In Rochester, a newspaper dips into gaming to reach new young readers

When you’re a struggling metro daily trying to navigate the world of social media, it makes sense to look to allies in nontraditional places. When the Rochester Democrat and Chronicle partnered with a techies at a local grad school, it found developers enthusiastic to work with old media stalwarts — and even a few who consider ink and paper pretty interesting tech to play with.

This weekend, the D&C and the Rochester Institute of Technology launched their first big collaboration: a city-wide alternate reality game called Picture the Impossible. Its aim is to attract — and mobilize — the young urban professionals that the newspaper wants to learn how to reach.

“A hundred years ago, putting news in a newspaper caused people to take action in certain ways,” Traci Bauer, the D&C’s managing editor for content and digital platforms, told me. “That doesn’t seem to motivate people under 40. The people who write letters to the editor to newspapers aren’t people under 40, they’re people in their 60s. That’s no longer the way to get people to use information and act accordingly.”

More than 1,000 Rochesterians had registered for the game by the official launch this Saturday — three times the number Bauer had been expecting, she said. The participants, who have been divided into three teams, will compete against each other to earn money for three local charities. They’ll earn points through interactive challenges across the newspaper’s platforms, from crossword puzzles in the print paper, to scavenger hunts, to online games. “Picture the Impossible” has its own narrative storyline developed around key innovations in Rochester’s history. The game runs until the end of October, and individual challenge winners, as well as 100 top game participants, will win tickets to a final Halloween bash.

The game‘s developers hope to test a project that can cross platforms — print, online, mobile, and community. More ambitiously, they want to see how a more playful, games-based approach can be used to mobilize a community around a certain issue — something that old-school newspapers used to be able to do quite effectively.

As someone who grew up in Rochester, I know the challenge that Bauer and the other game developers are up against. Rochester is one of those towns defined by crime, urban blight, and the malaise of an American city whose glory days — the age of Kodak and Xerox — are clearly past. When a Lake Ontario ferry service ran between Rochester and Toronto a few years back, a Canadian newspaper columnist called the city “depressing” and wondered why anyone would want to visit it. The city’s proudest tourist attraction is a giant grocery store.

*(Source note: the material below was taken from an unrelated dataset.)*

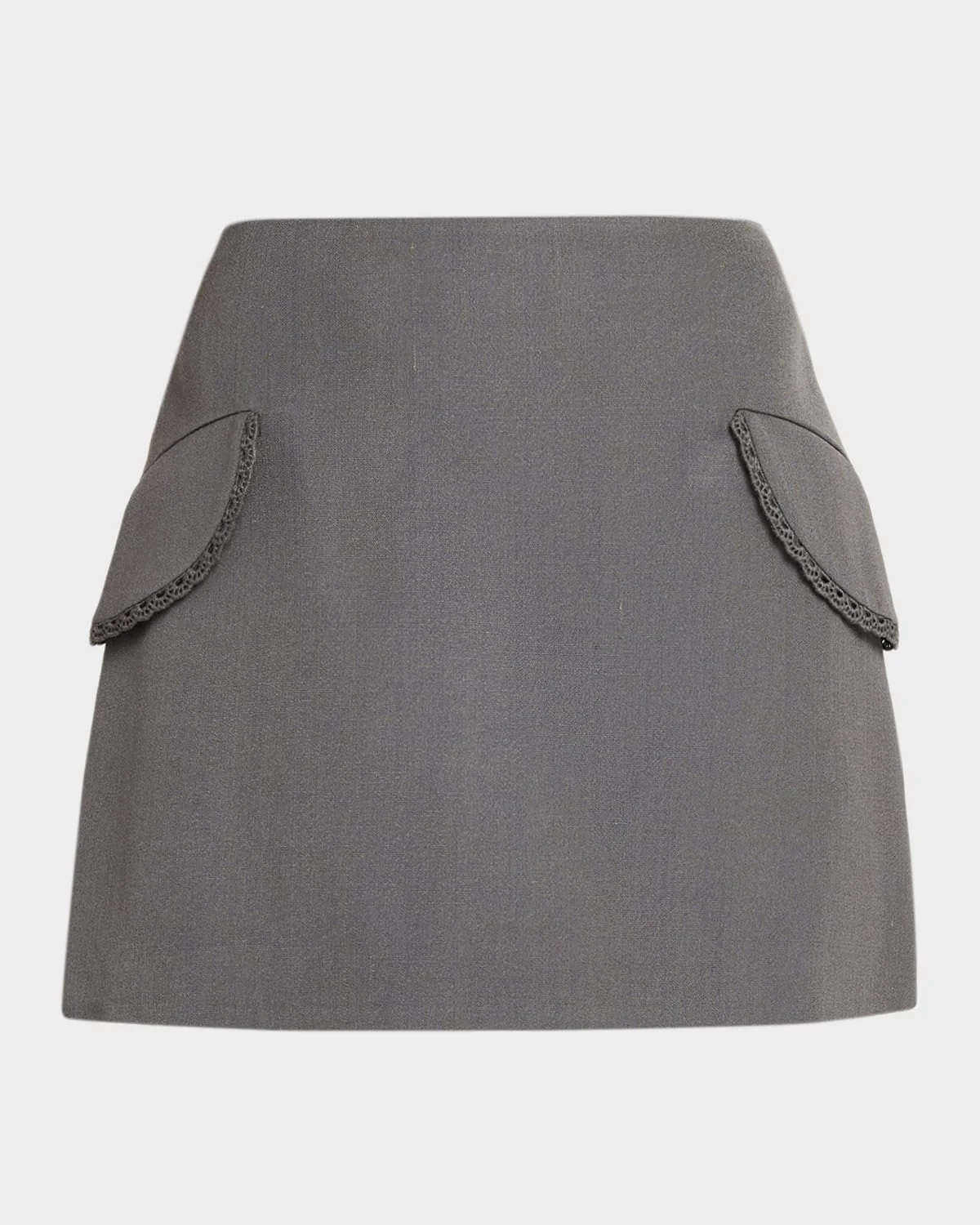 Crafted from viscose crepe, this skirt from Jil Sander features two front pockets trimmed with scalloped embroidery High waist A-line silhouette Mini length Invisible back zip Viscose/rayon/cellulose acetate/silk Lining: Viscose Professional cleaning recommended Made in Italy SIZE & FITModel measurements: 5 & apos;10" tallModel is wearing a US size 4/Small

On the Picture the Impossible Facebook fan page, you can see evidence of the old media/new media divide this project is aimed at bridging. The game’s promotional videos include a bunch of stiff talking heads (including some of the D&C’s top brass), but also a quirky animated trailer. At the same time, a few days after the launch, the well-tended page has 800-plus fans and some very enthusiastic posts about the initial scavenger hunt.

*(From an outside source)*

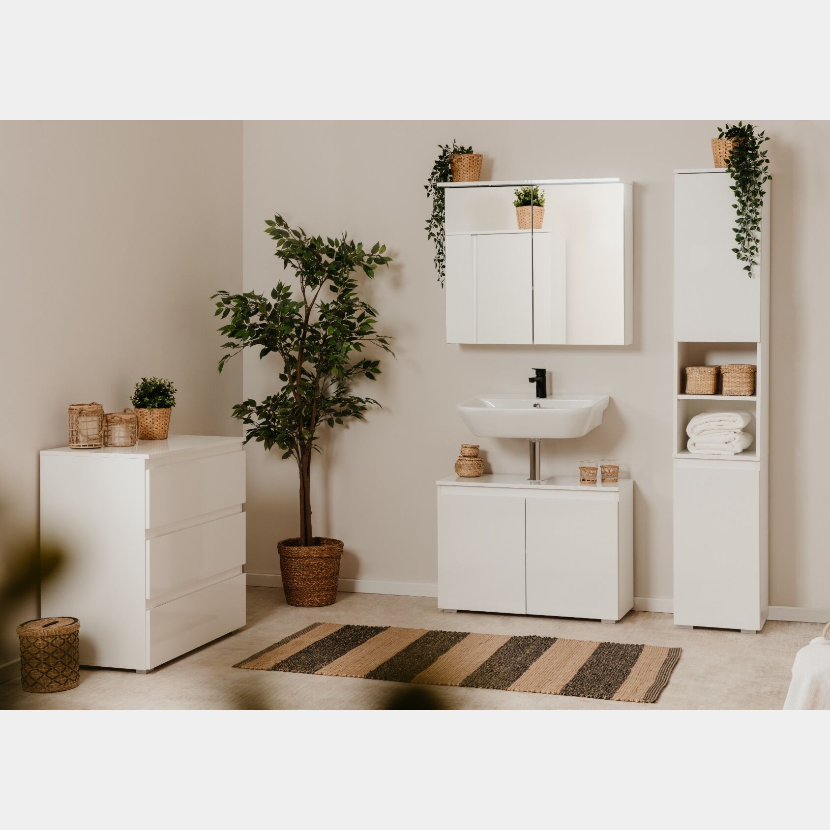 Funzionale Bagno moderno completo in finitura Bianco lucido composto da diversi elementi : mobile specchio contenitore, mobile basso a 2 ante, colonna e cassettiera a 3 cassetti.

I talked to the two project managers, Bauer and Elizabeth Lane Lawley, the director of RIT’s Lab for Social Computing, about how the project developed and the quirks — and benefits — of getting journalists and academic tech developers to work smoothly together. I’ve edited down my conversations with each of them into a quick primer of what they’ve learned so far.

How did the RIT/Democrat and Chronicle collaboration get started?

Lawley: About a year and a half ago [in February 2008], the publisher of the newspaper and the president of the university called together a meeting of a couple of people from each organization [to talk about] what can we do collaboratively that will move things forward. One of the ideas that I floated at that meeting was to try to create an alternate reality game with the newspaper as a partner. It seemed very much the direction that gaming was going, blurring boundaries between virtual and the real.

I can see why the D&C would be excited to work with tech professionals in developing new ways to reach out to their audience. But what’s the benefit to RIT in going old school and working with a newspaper?

Lawley: If you have a student building a game, getting it into the hands of hundreds of thousands of the community is not something you can typically do.

Bauer: We also have a newspaper with a really high reach…we’re able to reach more than 80 percent of the community.

Can you talk me through the process of moving from “An alternative reality game? Huh?” to the point where you had a Facebook page with a few hundred fans even before the game registration started?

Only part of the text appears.